Since the identification of DA as a neurotransmitter over 50 years ago, neuroscientists have sought to elucidate the influence that DA exerts on behavior and neural circuits, and to uncover the underlying cellular and molecular underpinnings of such effects. Interest in the actions of this molecule is further stimulated by the recognition of its involvement in several neurological and psychiatric disorders, including PD, addiction, schizophrenia, obsessive compulsive disorder and Tourette’s syndrome. DA plays an important role in the control of fine motor actions and higher cognitive functions such as learning, working memory, attention, decision-making and appetitive and consummatory aspects of reward. However, the precise mechanisms employed by DA to mediate these effects remain largely unknown owing to the multiplicity and complexity of its actions. Unlike classical amino-acid neurotransmitters such as glutamate and γ-aminobutyric acid (GABA), which signal for the most part by directly gating ionotropic receptors to rapidly and briefly alter membrane potential, DA activates G protein-coupled receptors (GPCRs) that modulate the biochemical and electrical state of a cell via a plethora of signaling elements including kinases, phosphatases, transcription factors, ion channels and membrane receptors. Moreover, DA’s actions have largely defied interpretation because they vary greatly between cell types, depend on the strength and duration of receptor stimulation, are influenced by current and past cellular states, and compete with other neuromodulatory systems impinging on similar pathways. Thus, despite extensive investigation, there is no unified view of DA’s actions in the CNS, and many studies have yielded contradictory conclusions.
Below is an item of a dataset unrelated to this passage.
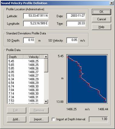 Enter a priori standard deviations for the depths(default 0.1 m) and velocities(default 0.05 m/s) in a profile, these values need to be entered in the database setup for the sound velocity profile.

One of the principal actions of DA in the CNS is to modulate electrical communication between neurons. DA clearly promotes persistent changes in the efficacy of synapses and in the structural organization of neural circuits, and influences the moment-to-moment flow of electrical signals across synapses. Here we review the latter, namely DA’s ability to rapidly influence synaptic transmission, dendritic integration and membrane excitability. Many recent reviews cover the longer term effects of DA signaling on synaptic and circuit plasticity from the perspective of normal brain function, PD and drug addiction – these topics are therefore not covered here.

Some of the first electrophysiological investigations of DA’s influence in the 1970s and 1980s utilized in vivo and in vitro extracellular and intracellular recordings and examined the effects of electrical stimulation of DA centers or local ionotophoretic/pressure application of exogenous DA. These studies invariably reported complex, variable and often contradictory findings (see Nicola et al., 2000; Seamans and Yang, 2004 for review). Some of these disparities likely arose because, as discussed below, DA activates multiple classes of receptors that are heterogeneously distributed and engage different intracellular signaling cascades.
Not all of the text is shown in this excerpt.